I'm starting the server like this:

async with websockets.serve(dispatcher.start, server_config['host'], server_config['port'],
                                process_request=health_check):
        await asyncio.Future()

"Dispatcher" handles a few things like extracting locale and session ID from the HTTP Request, and then retrieves a session, and attaches it to a Manager object:

class Dispatcher:
    def __init__(self, engine_config, session_manager, logger):
        ...

    async def destroy(self):
        if self.websocket.open:
            self.websocket.close()
        #
        await self.incoming_message_task

    async def start(self, websocket):
        # cookie is problematic: https://websockets.readthedocs.io/en/stable/topics/authentication.html#sending-credentials
        cookie = websocket.request_headers.get("sid", None)
        locale = websocket.request_headers.get("locale", 'en')
        # TODO: message validation

        # start engine for this session
        engine = DialogEngine(
            self.logger,
            self.engine_config['deployment_name'],
            self.engine_config['endpoint'],
            plugins=self.engine_config['plugins'])

        # get or create session
        session = self.session_manager.get_session(cookie)

        # write back the session cookie
        await websocket.send(
            Message(AUTH, {"cookie": session.cookie.output(header="")}).serialize()
        )

        # create manager
        manager = AllyManager(engine, session, self.logger, websocket)
        await manager.start()

Now I want to test the Dispatcher by setting up a server in an async fixture and test it with a few edge cases like reconnect handling etc.

I've been through a couple iterations, currently on this:

@pytest_asyncio.fixture
@patch('allylib.dialog.engine.DialogEngine', 'turn', 'I did something')
async def server():
    # set env vars to avoid errors, todo: use fixture if you ever find out how to
    os.environ["AZURE_OPENAI_API_KEY"] = "xxx"

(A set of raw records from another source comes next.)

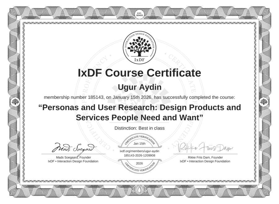 Ugur Aydin's IxDF Course Certificate: Personas and User Research: Design Products and Services People Need and Want
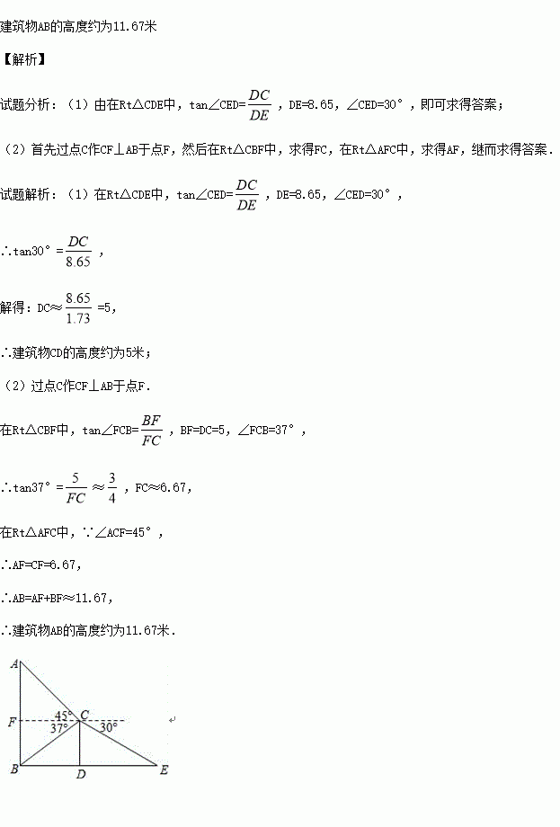 某班数学兴趣小组为了测量建筑物AB的高度,他们选取了地面上一点E,测得DE的长度为8.65米,并以建筑物CD的顶端点C为观测点,测得点A的仰角为45°,点B的俯角为37°,点E的俯角为30°.
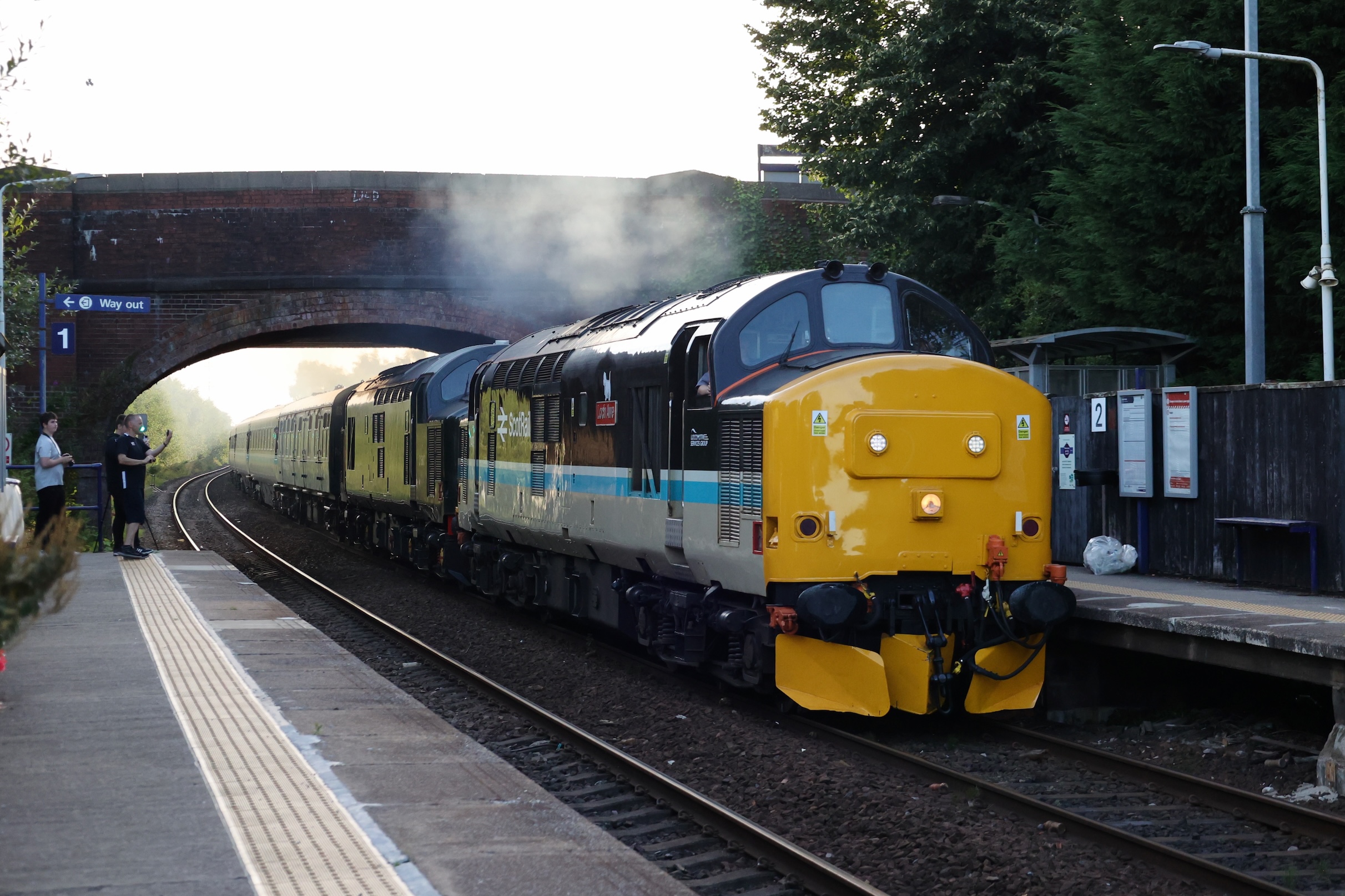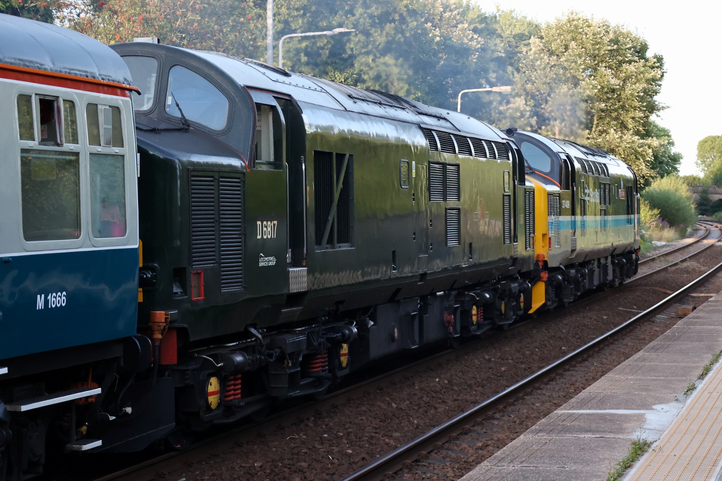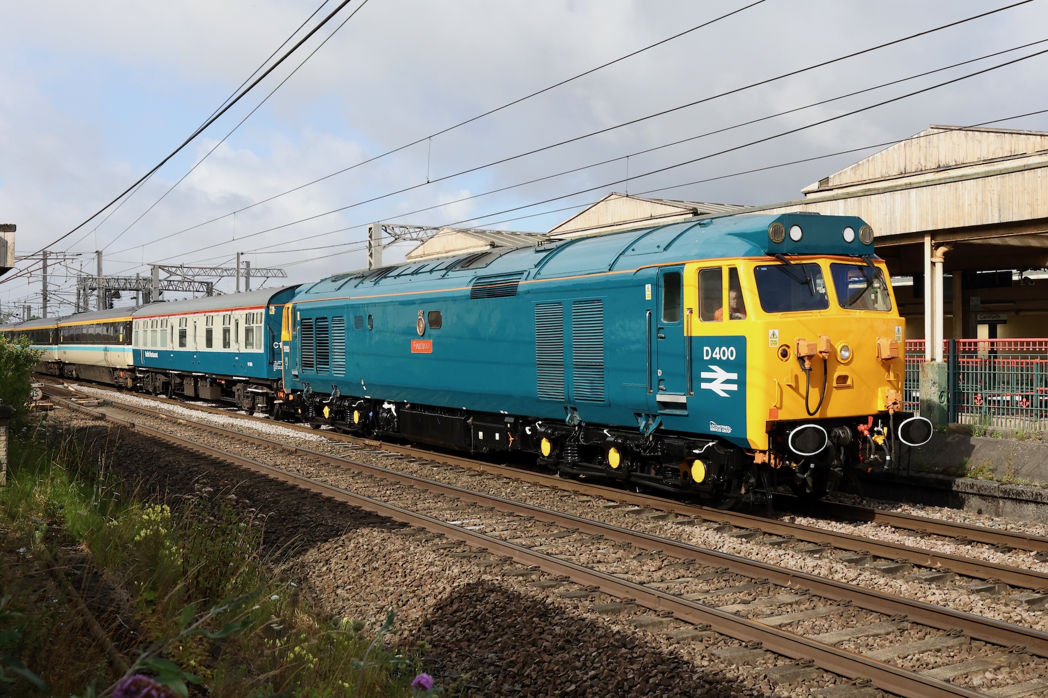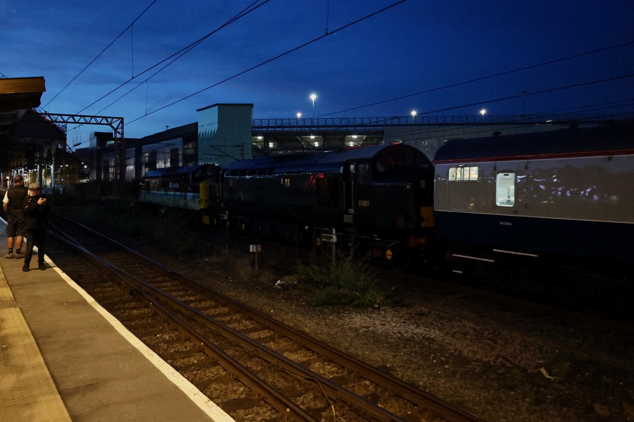 After the 40 and the 50 had departed for Crewe, the Class 37s should have been attached but a signalling problem at Wigan had delayed their arrival with the Class 20s for the final leg.
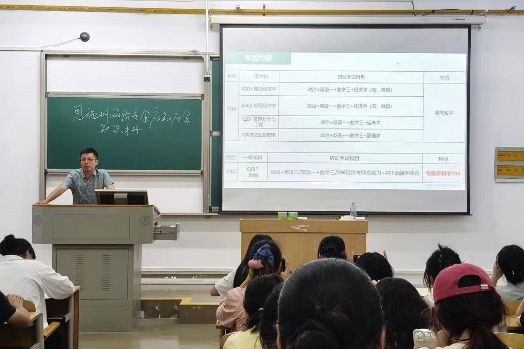 本网讯 (记者 吴德一 徐彤彤/文 沈莹莹 陈环照/图)2025年9月14日,365电子娱乐官方网站经济与管理学院考研专题讲座在修远楼5B315教室举行。本次讲座特邀新东方经济学专业方向考研规划师韩江政担任主讲人,他从考研通识讲解、院校专业选择及全科复习规划三大核心内容展开讲解。
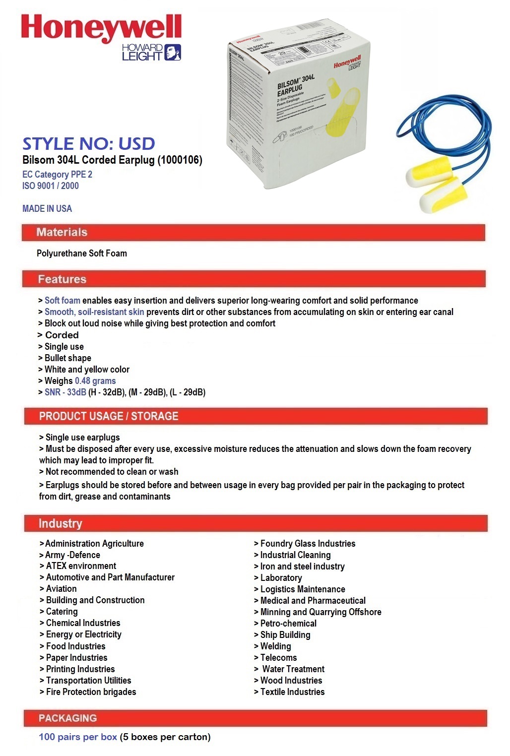 Ear Plugs also known as Bilsom 304L Foamplug (Corded) which is used to be inserted in the ear canal to protect the user's ears from loud noises, intrusion of water, foreign bodies, dust or excessive wind. Benefit are Bilsom 300 Series earplugs are ideal for workers who need to block out loud noise and demand the best protection and comfort available in an earplug. Europe's most-used polyurethane earplug, the 300 series earplug, offers superior noise-blocking performance in a single-use earplug.
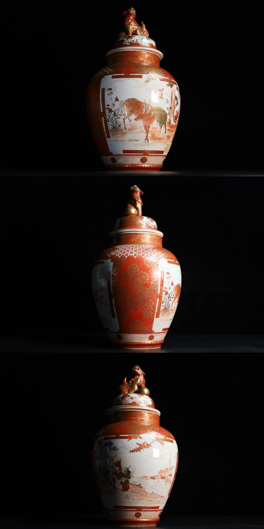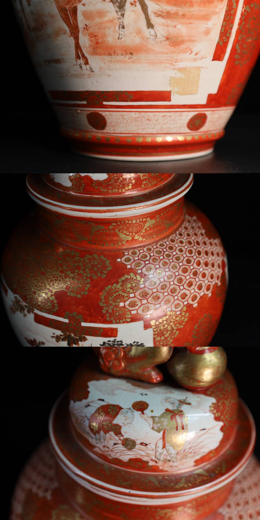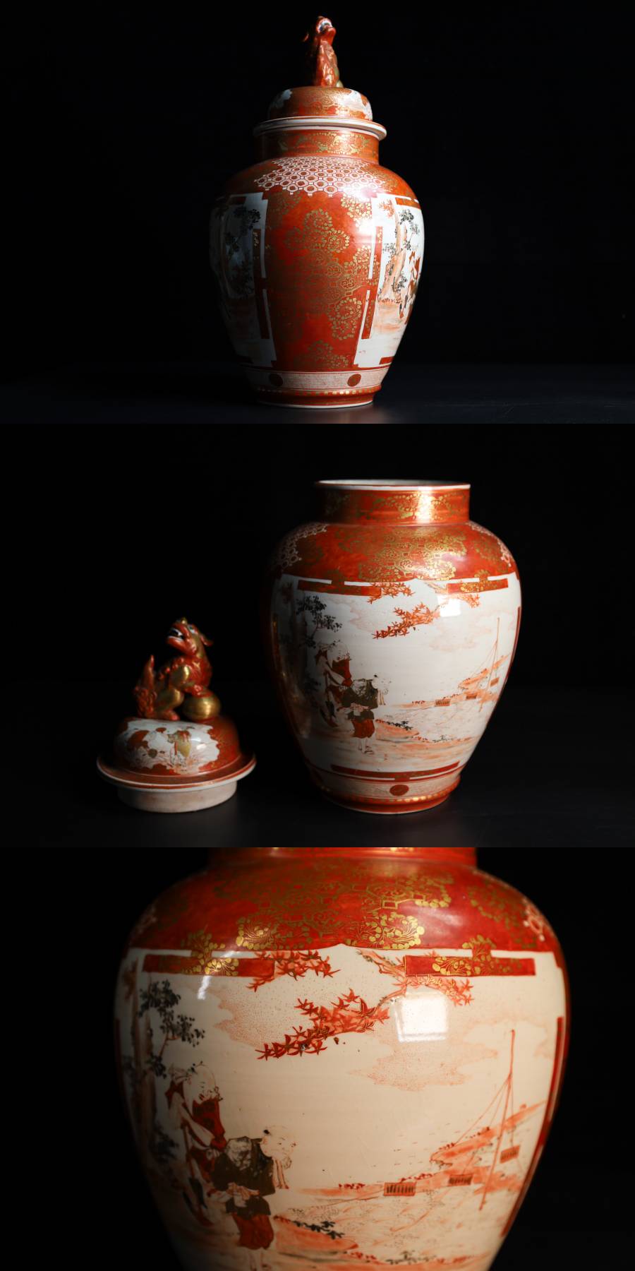- ◇雅◇ 古美術品 柳宣永 作 完松窯 大日本九谷製 高さc38cm/2495g 獅子摘み赤絵 蓋壷 九谷赤絵 時代物 共箱 /HK.25.5 [J109] TU
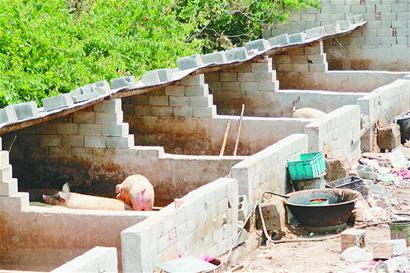 記者只好佯裝離去,待男子騎車走遠后,又原路返回,發現果園中心位置以及果園西側遍布了豬圈。每排豬圈有四五個豬舍,每排豬舍前有數個大鐵鍋,鍋里裝著泔水。養豬人操外地口音,住房就蓋在豬圈旁邊,一家人都住在簡易的平房里。周遭環境惡劣,從泔水里撿拾出來的塑料袋等被堆積在一邊,蚊蠅亂飛。

    logger = logging.getLogger()
    dialog_history_manager = DialogHistoryManager(logger, session_store_type='local')
    engine_config = {}
    dispatcher = Dispatcher(engine_config, dialog_history_manager, logger)
    async with websockets.serve(dispatcher.start, '0.0.0.0', 1337):
        yield
        await asyncio.Future()

When running a test against it, I get [WinError 1225] The remote computer refused the network connection:

@pytest.mark.asyncio
async def test_run_server(server):
    async with websockets.connect('ws://localhost:1337') as ws:
        await ws.send('test')

Is there something I'm doing wrong (well, probably), is there a best practice to do testing like this?

Do I have to wrap the server into an asyncio task and dispatch it like that?

I found a really stupid way to accomplish this by abusing the yield mechanism in pytest-asyncio:

@pytest.fixture
async def server():
    ...
    dispatcher = Dispatcher(engine_config, dialog_history_manager, logger)

    async with websockets.serve(dispatcher.start, 'localhost', 1337):
        try:
            yield None
        finally:
            print('Destroying server')

and using it like this:

@pytest.mark.asyncio
async def test_run_server(server):
    async for x in server:
        async with connect('ws://localhost:1337') as ws:
            await ws.send(json.dumps({'type': 'clientTurn', 'ask': 'What is my age again?'}))
            while True:
                r = await ws.recv()
                print(r)

But I'm sure there must be a better way, right?